Killer apps that could keep you healthy

Oct 23, 2013
Pacific Northwest National Laboratory hosted a competition this summer where graduate students designed two mobile apps to fight the threats of food-related illnesses and influenza.

For those wanting to keep their distance from health threats like E. coli-contaminated lettuce or the flu, there are two upcoming apps for that.

The Department of Energy's Pacific Northwest National Laboratory hosted a competition this summer where graduate students designed two mobile apps to fight the threats of food-related illnesses and the flu. The apps are called FoodFeed and FL•U (pronounced 'flu you'). The Defense Department's Defense Threat Reduction Agency provided funding to PNNL to develop web-based analytics and as part of its Biosurveillance Ecosystem (BSVE) program.

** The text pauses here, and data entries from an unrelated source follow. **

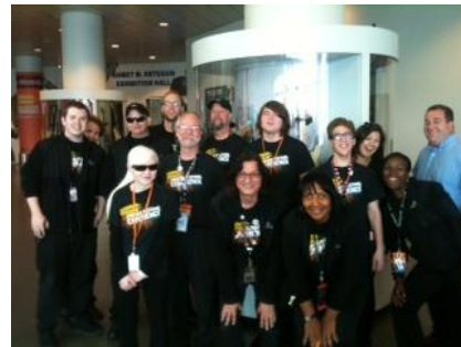
Rock n' Roll Hall work group
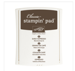
Early Espresso Classic Stampin' Pad - 126974
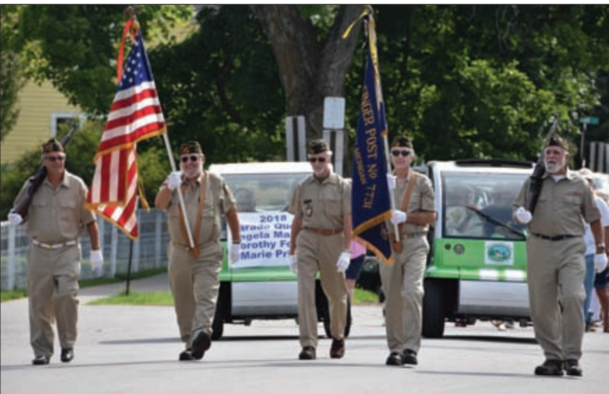
LEADING THE 20th annual Leland Bridge Walk on Labor Day this year were members of Veterans of Foreign Wars Post 7731 from Lake Leelanau.

A couple blocks requiring a leisurely stroll of about five minutes — were awarded a certificate of achievement. The march began at the state boat launch parking lot on the Leland River and ended on the lawn of the Old Art Building.
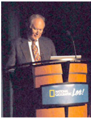
Gilbert Grosvenor, Chairman, National Geographic Society, giving opening remarks

On September 16, more than 200 guests filled the National Geographic Society's Grosvenor Auditorium for a very special installment of National Geographic Live! celebrating the publication of Journey Through Hallowed Ground: Birthplace of the American Ideal .
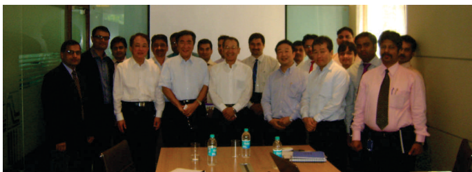
The leadership teams of Magnum and Brother International at Sara House

In the last quarter, the top management of Brother International Singapore Pte Ltd and of Pegasus Singapore Pte Ltd visited Magnum offices to discuss in detail the future business strategy for Brother & Pegasus machines. With the fast increasing customer base & in line with our constant endeavor to strengthen our after sales service network Magnum has now started monthly training programs for customers and service engineers. With a new branch office in Kolkata, Magnum in the last quarter has seen increase in its business from the East India market.
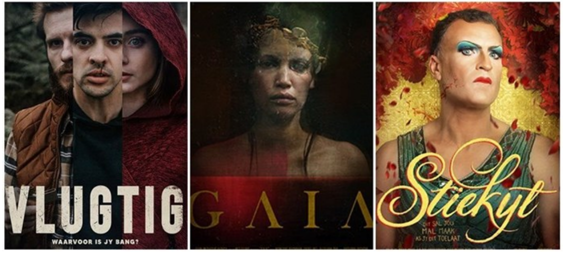
Image supplied: Vlugtig, Gaia and Stiekyt will all feature in the Silwerskerm Film Festival

The highly anticipated 10th-anniversary Silwerskerm Film Festival will play out in a brand-new hybrid format from 23 March 2022 when it showcases South African filmmaking at its best.
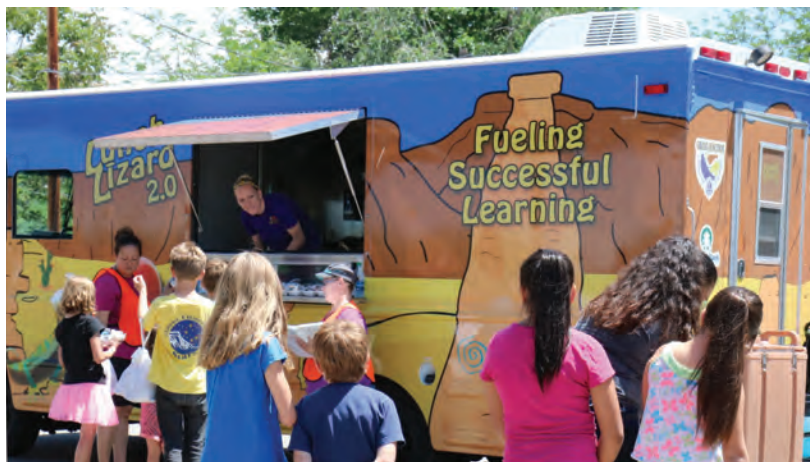
Feeding hungry kids... one neighborhood at a time.

In addition to our efforts to feed hungry kids in Mesa County, our Community Foundation supported summer food programs in Fruita, Rifle, Eagle County and Delta.
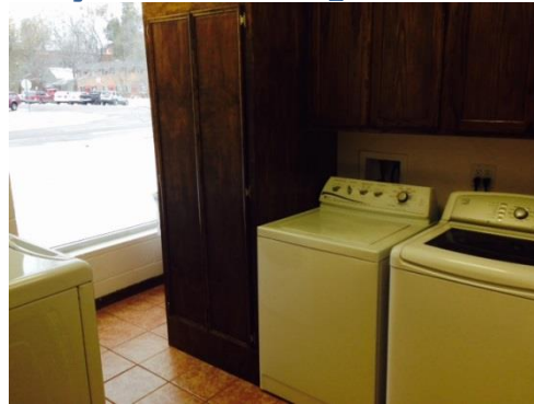
Two new washers and dryers
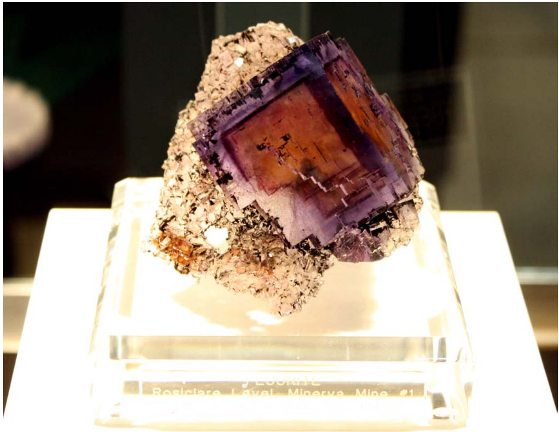
Fluorite on Pyrite
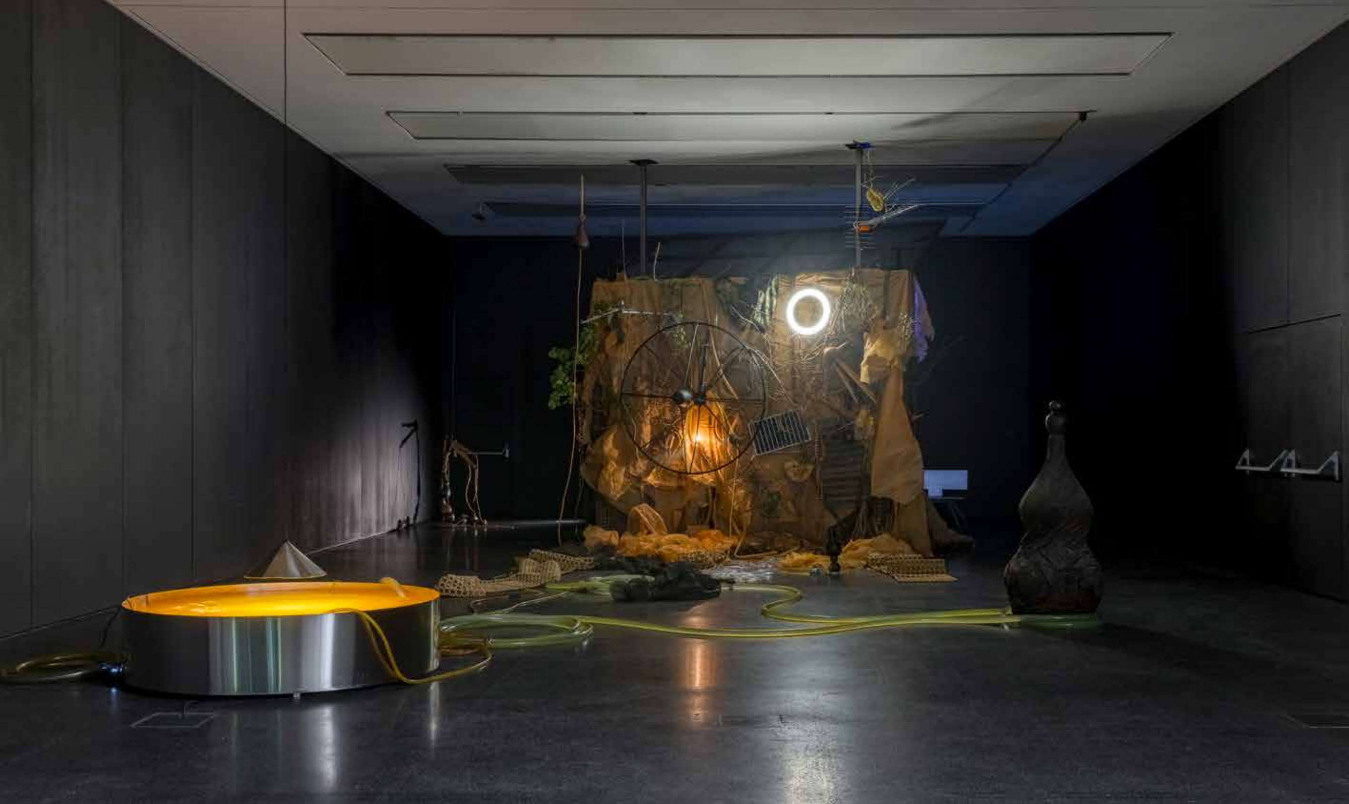
Installation view of "The Disorientated Garden... a Breath of Dreams" at Museion, Bolzano, Italy, 2024
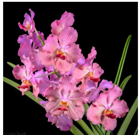
Could this be the reason?
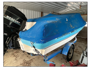
17' CHAPARRAL 115-HP
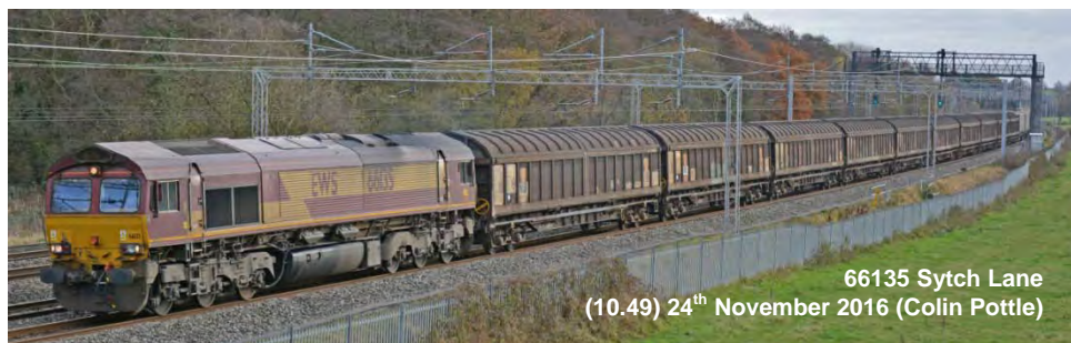
66135 Sytch Lane (10.49) 24 th November 2016
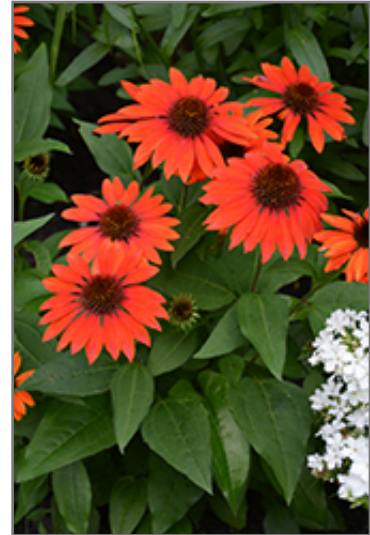
Sombrero Flamenco Orange Coneflower in bloom

Sombrero Flamenco Orange Coneflower is recommended for the following landscape applications;
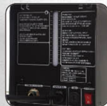
• Rear Panel
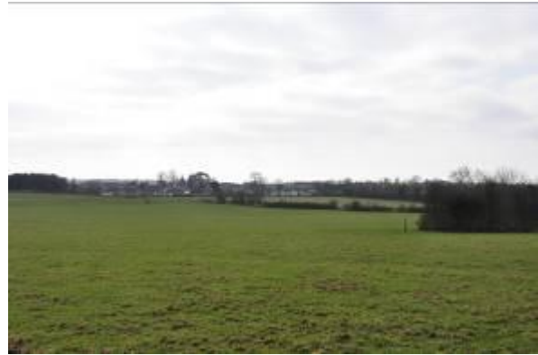
8. View southwest to Kirkbampton in the distance. Active farmland sloping towards Burghmoor Beck
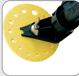
Rotating yellow calibration discs, adjusts easily to provide accurate and constant regulation of application
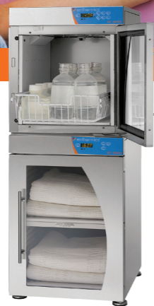
EC250L over EC350
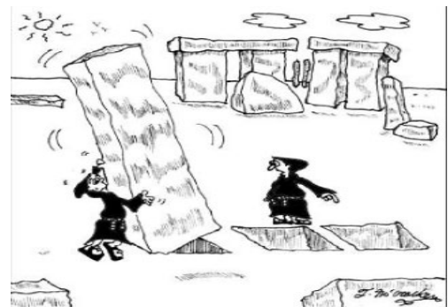
"You got it wrong again. It's spring ahead, fall back."

Our assessment this year is $23,738.00. So far we collected $7,423.33, the remaining amount to raise is $16,314.67. Thank you very much! Let us continue the ministry and good works of Jesus throughout our 14 county Diocese. Envelopes are in the pews.
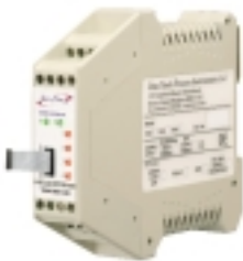
Logic Expansion Module
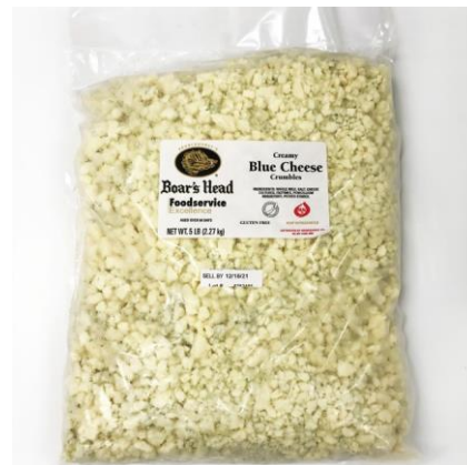
CRUMBLLED BLUE CHEESE 15006 5 LB | 2 PER CASE
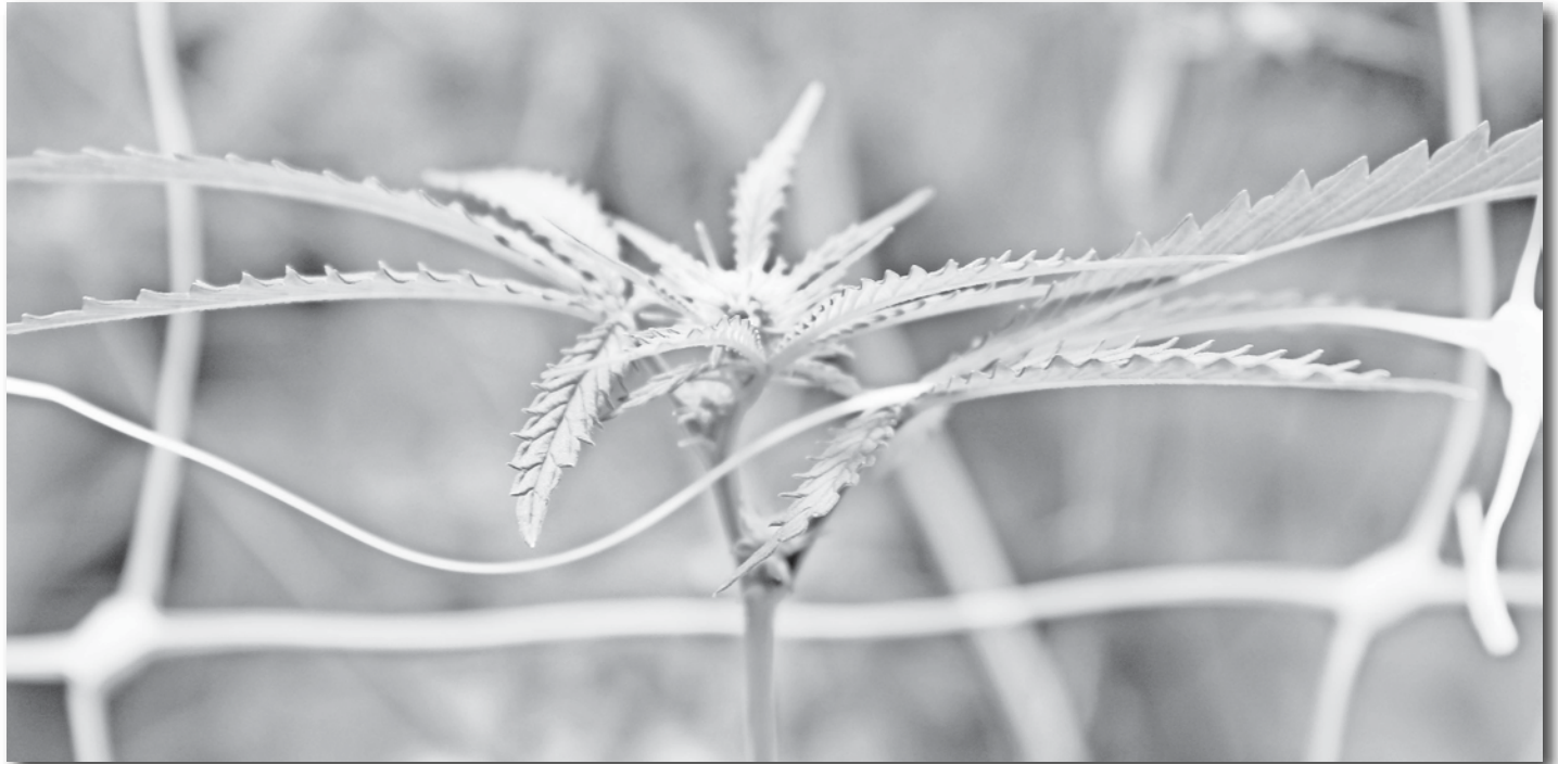
A close up of the plants grown at the Flower Mine in San Manuel.
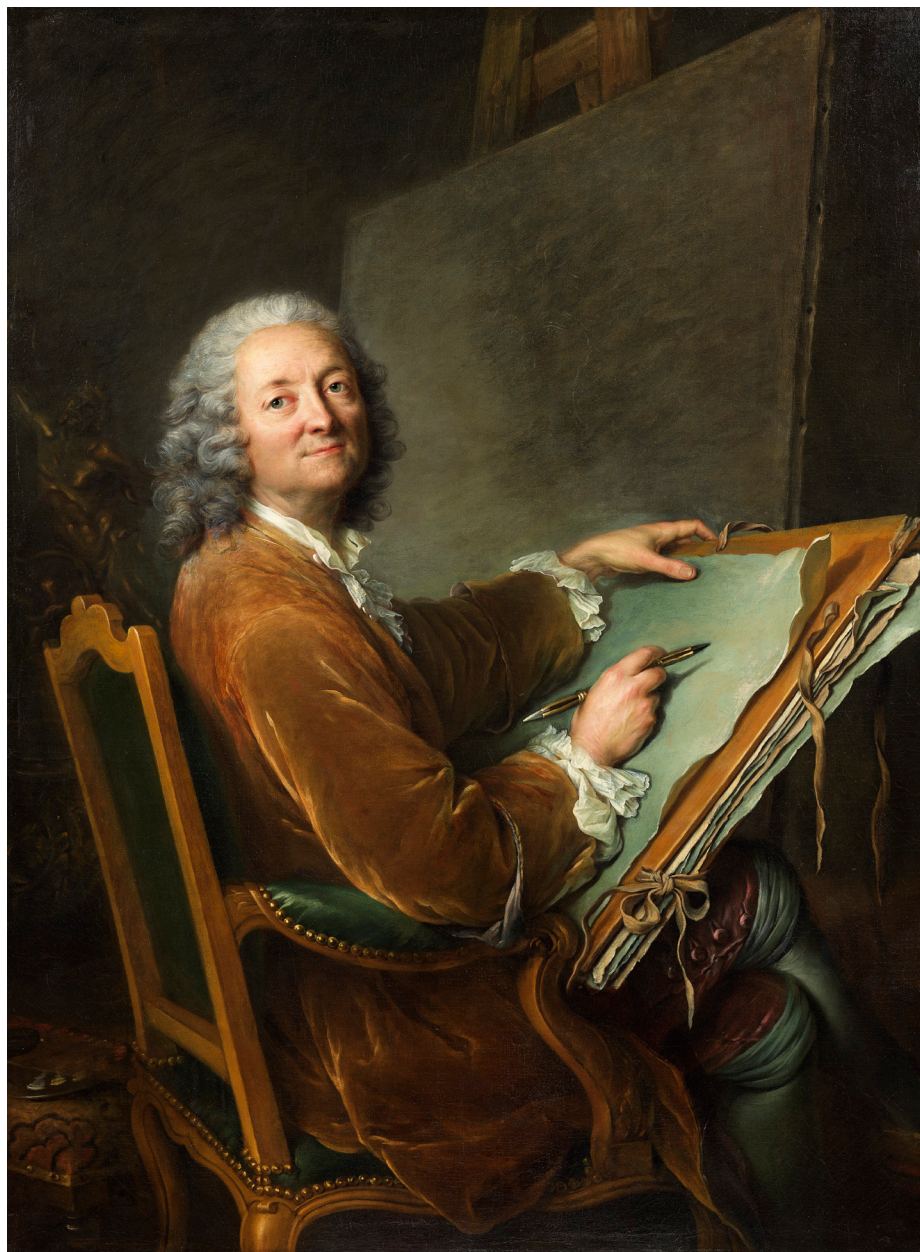
Fig. 5 François Hubert Drouais (1727–1775), Hubert Drouais, the Artist's Father , c. 1760. Oil on canvas, 30 x 97 cm. Gift of the Friends of the Nationalmuseum. Nationalmuseum, NM 7331.
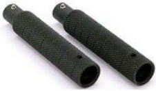
ATLAS Leg Extension 3" BT22 65.-
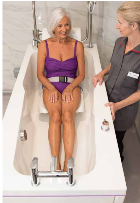
The keyhole bathing space delivers water and energy savings without compromising bather comfort

"At our Nottingham home, residents use the Gainsborough baths on a daily basis and continually provide positive feedback. We expect similar results from our Gentona's here at Ashlands Manor. The overall bathing experience Gainsborough provides encourages
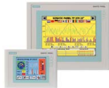
Siemens SPS with visual display of operating data and optional record of process data
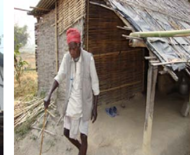
A Kisan house used for offices of the Kisan court and the club
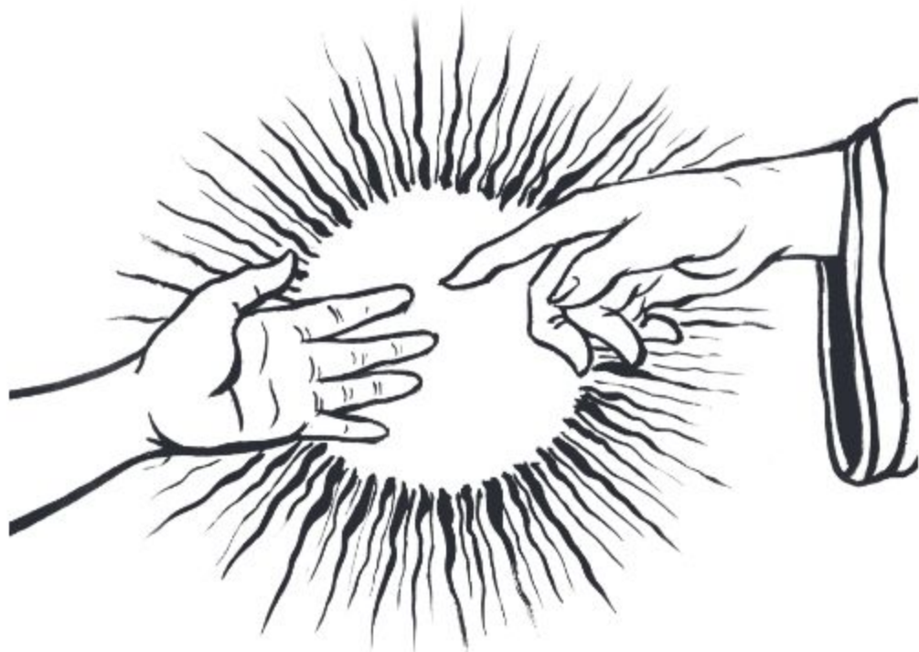
Union of God and Man

In the book of Genesis the description of creation shows that God has created everything one by one. After each day's creation, God looked at them and saw everything was good. On the fifth day He said, "Let us make man in our image, to our likeness" (Gen 1 :26). So God created man in His image. He gave them power to rule over everything.
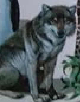
Gray Wolf Canis lupus
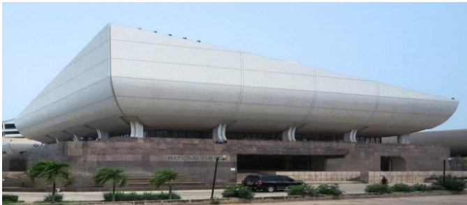
Fig 1: Exterior shot of the National Theatre of Ghana

The National Theatre of Ghana, inaugurated in 1992, serves as a central hub for the country’s theatrical arts scene. Its multifunctional facilities host a wide range of events, from concerts and plays to film screenings and exhibitions. The theatre is governed by a Board of Directors and managed by an Executive Director, overseeing various departments like Artistic, Technical, Marketing, and Finance. The architectural design of the National Theatre is a blend of Ghanaian heritage and contemporary artistic expression, featuring a curved roof reminiscent of a seagull in flight. The Main Auditorium, a 1,200-seat venue with a classic proscenium stage, is the centrepiece of the theatre, offering a traditional separation between performers and audience. In addition

"Much of the information we need to fight already exists as public data, websites and observations from people on the streets," said Court Corley, data scientist and lead investigator at PNNL. "What we need is all that information in one place, so we can put it in the hands of people. Mobile apps do that."

FoodFeed

Designed for an Android operating system, FoodFeed alerts users about threats that come from food—whether it's from a or restaurant.

The app has three tabs, one of which is a news feed of articles and alerts on food recalls, illness outbreaks and other breaking consumer-safety information. For example, someone shopping at the grocery store could check the news tab and notice the cilantro in their cart has been recalled due to a possible Listeria monocytogenes contamination.

Another tab shows health code violations at restaurants. Users can search for restaurant records—hopefully before ordering—read the details of specific violations, and compare restaurant ratings to the average number of violations in the area.

The last tab provides general information on the risks associated with food, such as the recommended temperature to cook beef and what harmful bacteria can be found in raw chicken.

An avatar of “Courtney” displays flu-like symptoms — sore throat, coughing and fatigue — on the iOS app FL•U, pronounced ‘flu you’. Developed by students at a Pacific Northwest National Laboratory competition, the app allows self-reporting users to contribute to localized breakout maps.

Users can look after their friends' stomachs too. They can share information from FoodFeed on social media or report suspected food poisoning to the local health department.

FL•U

Designed for iOS, FL•U lets users share if they have influenza or flu-like symptoms. Their voluntarily submitted information can help create localized outbreak maps.

To use the app, users create a customized avatar that visually displays symptoms the users submit. For example, if a user reports a fever of 101 F, their avatar's face turns red. When a user has been diagnosed with the flu by a doctor, they can update their avatar to hold a balloon that looks like a germ.

A user can choose to make their avatar visible to others—including health departments—in the form of an interactive map. And for those afraid of losing friends every time they have the sniffles, users can share information anonymously.

Not only would the information benefit local health departments, but users can see how many people are sick in their area or search other areas too. Planning a road trip? The number of sick people could help you decide between Portland and Seattle, for instance.

Making the apps

As a key player in the White House's National Strategy for Biosurveillance, PNNL proposed this first-of-its-kind competition at the laboratory as an answer to a national call for improved biosurveillance tools.

"Whether it's a natural disaster or a disease outbreak, a public health event can come out of nowhere," said Chrissie Noonan, a PNNL research analyst and mentor to the students. "We're asking how we can stay ahead of the curve, and one answer is to develop mobile tools."

The 10-week competition brought seven graduate students with strong mobile-app development skills from schools across the nation to the laboratory. There, they received a crash-course on biosurveillance from industry experts. Along with help from Noonan and Corley, Michael J. Henry, a visual analytics researcher, guided the students as their lead mentor.

"These students came from different backgrounds with diverse experience," Henry said. "It was their creativity that brought a fresh perspective to solving biosurveillance problems."

Each student pitched app ideas, and then the teams chose to develop FoodFeed and FL•U based on input from their mentors.

The apps could rest in your hand soon. PNNL is working to license the apps and make them public in the next few months.